Advanced 3D ultrasonic characterisation of 2D woven composites

Abstract

The principal aim of this project was to generate an automated mapping programme that will identify and quantify deviations from design, due to either manufacturing processes or in-service defects. Focusing on woven carbon fibre composites, using data acquired from ultrasonic non-destructive testing, individual weave identities have been developed. Knowledge of the individual weave identity will enable two key pieces of information when analysing components; lay-up and the presence of defects in terms of shear and rotation. Knowledge of the lay-up and presence of defects results in better informed decisions regarding the manufacture and the longevity of components. In many cases the requirement for a twin component to be manufactured will be negated; subsequently saving both time and money.

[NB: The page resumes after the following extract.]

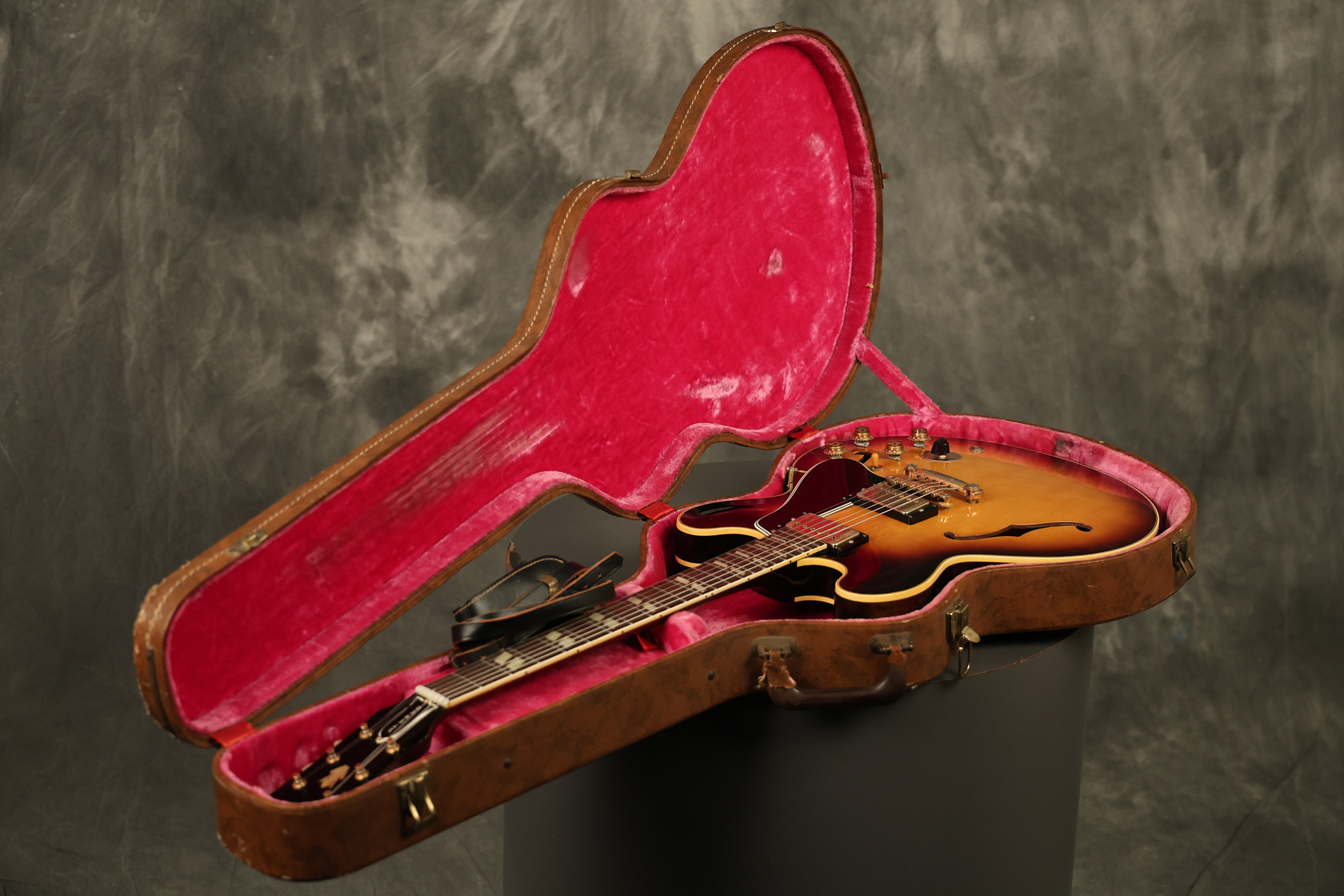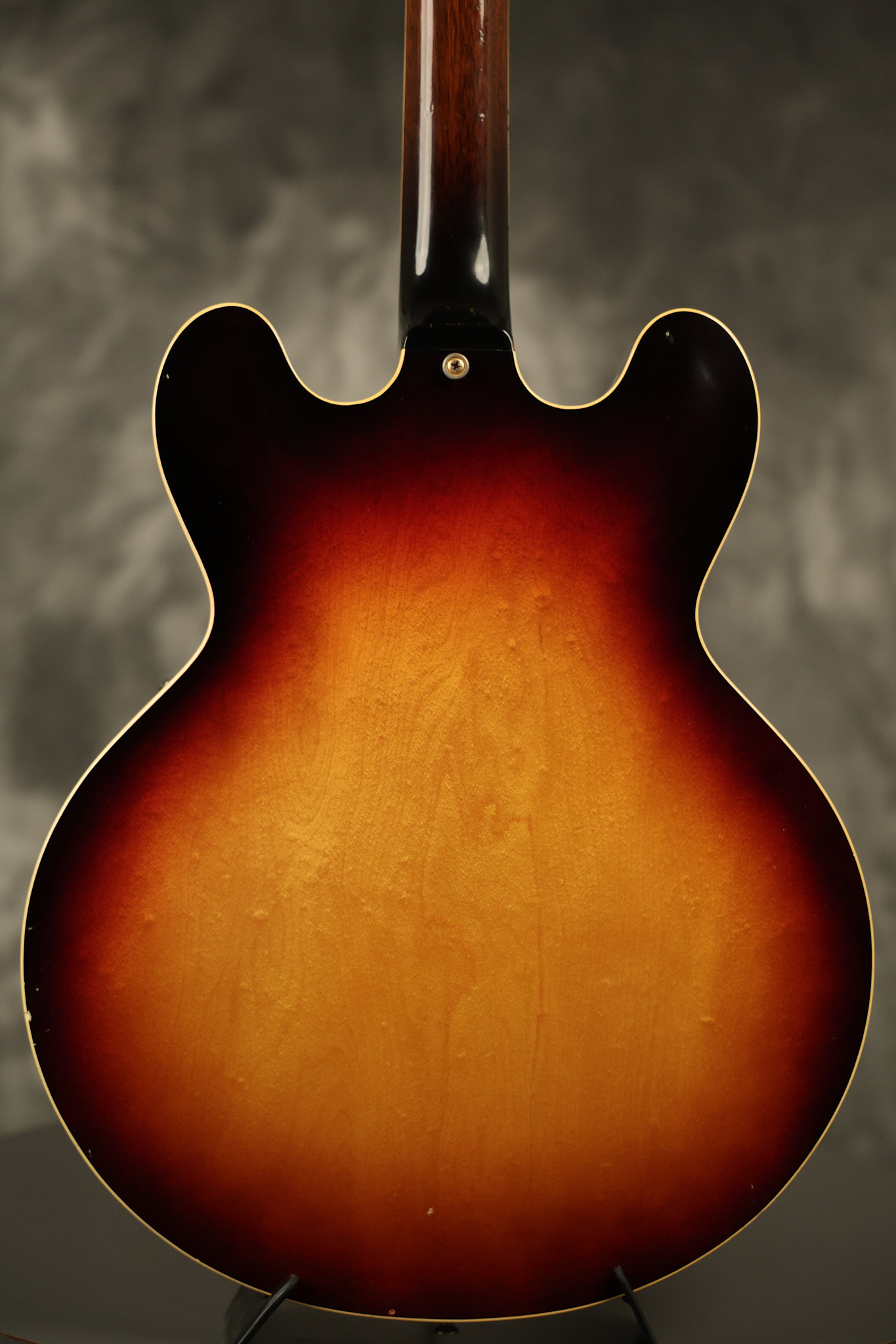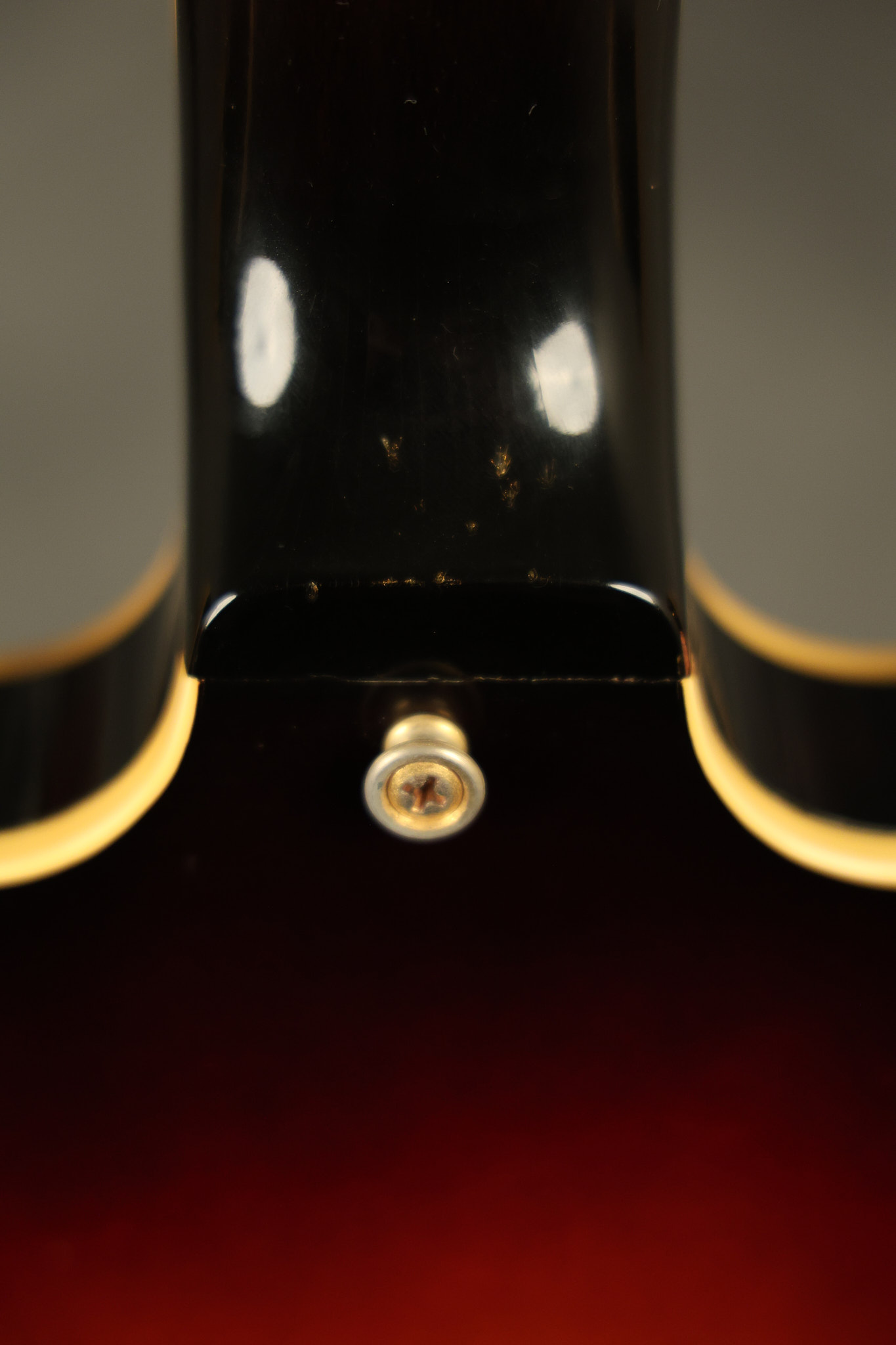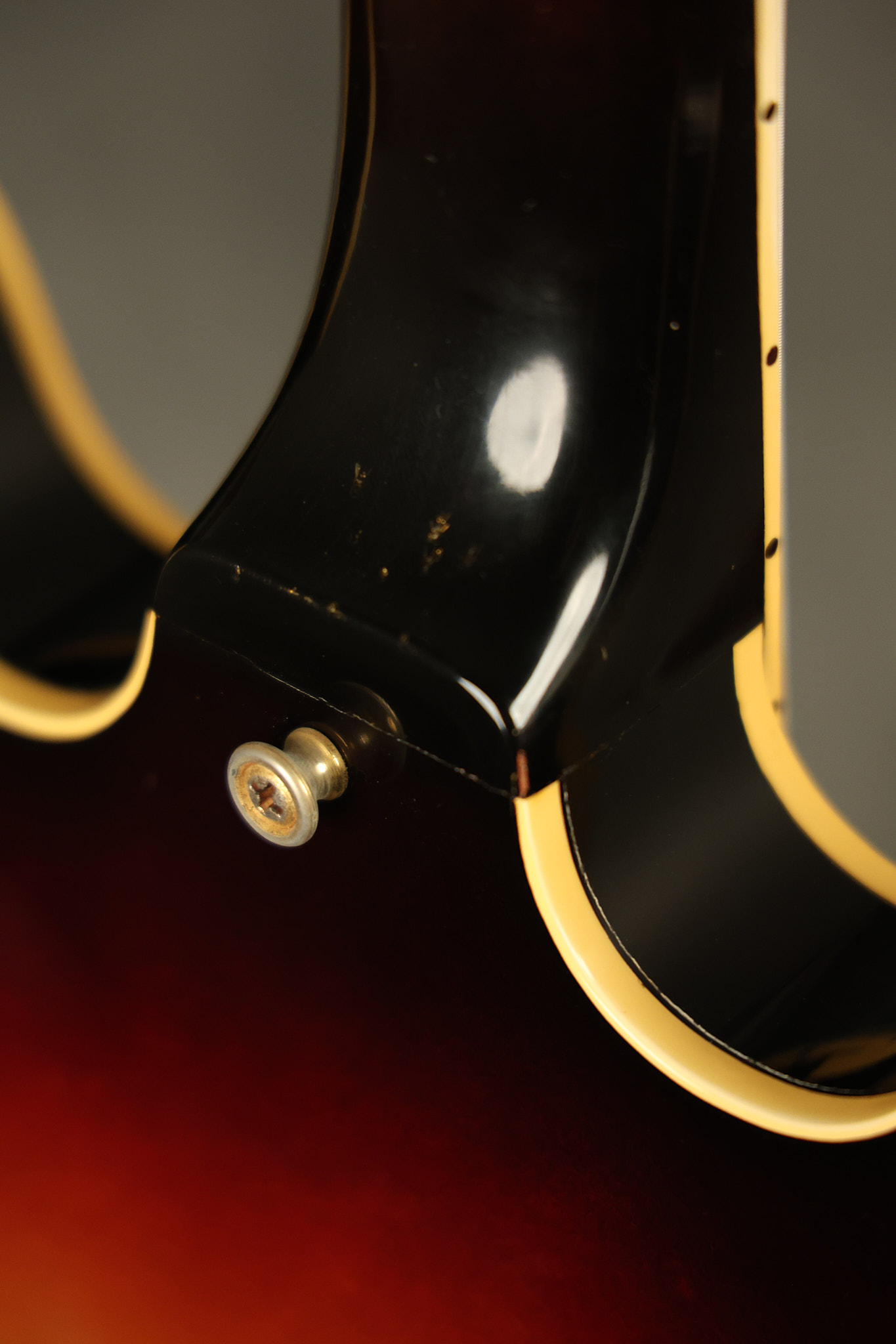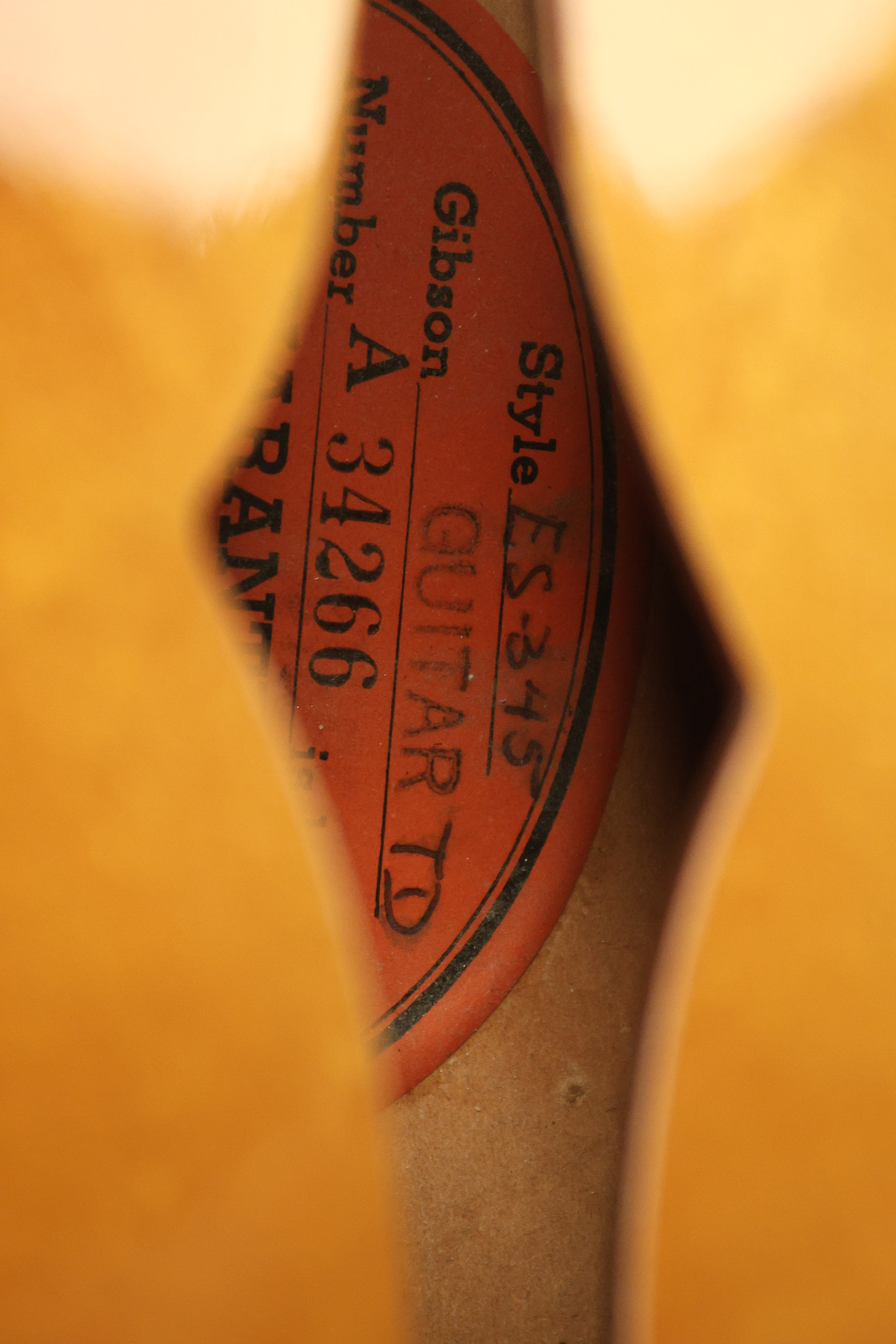 1960 Gibson ES-345 in its original Sunburst finish which has really maintained its brilliance. It has a great playing neck with good frets. It's all original except for 4 replaced tuning buttons, and 100% complete along with its original hardshell case. There are 4 small screw holes on the bottom edge where a Bigsby had been installed at one time. This 345 looks great with some nicks + dings and other cosmetic wear. The guitar itself remains structurally sound with no cracks, breaks or repairs. All electronics work and sound great with its original set of "Zebra" (black/white) PAF pickups. The cover have been removed at one point in time before being soldered back in place.

The development of individual weave identities, alongside automation of the classification procedure is the key contribution of this thesis. The literature review shows that this capability does not currently exist. The weave identity work began with the adaption of Miller Indices from crystallography. In order to automate the weave identification, a spatial frequency vs. angle plot was established using image transformation. It was the realisation that the weave characteristic lines (and their subsequent spots on the spatial frequency vs. angle plots) are different from the lines corresponding to the fibre’s warp and weft tows which allowed for the discrimination of weave type. The process of weave identification was automated and both the accuracy and precision of the measurement of in-plane were established. Consequently, the developed technique enables the identification of angular distortions in woven carbon fibre composites. Finally, the testing of real samples showed that the presented method of weave classification works well, providing the images of the weaves are good, and that the imaging of the weave gets worse with depth, surface roughness and when the probe frequency does not match the ply resonance.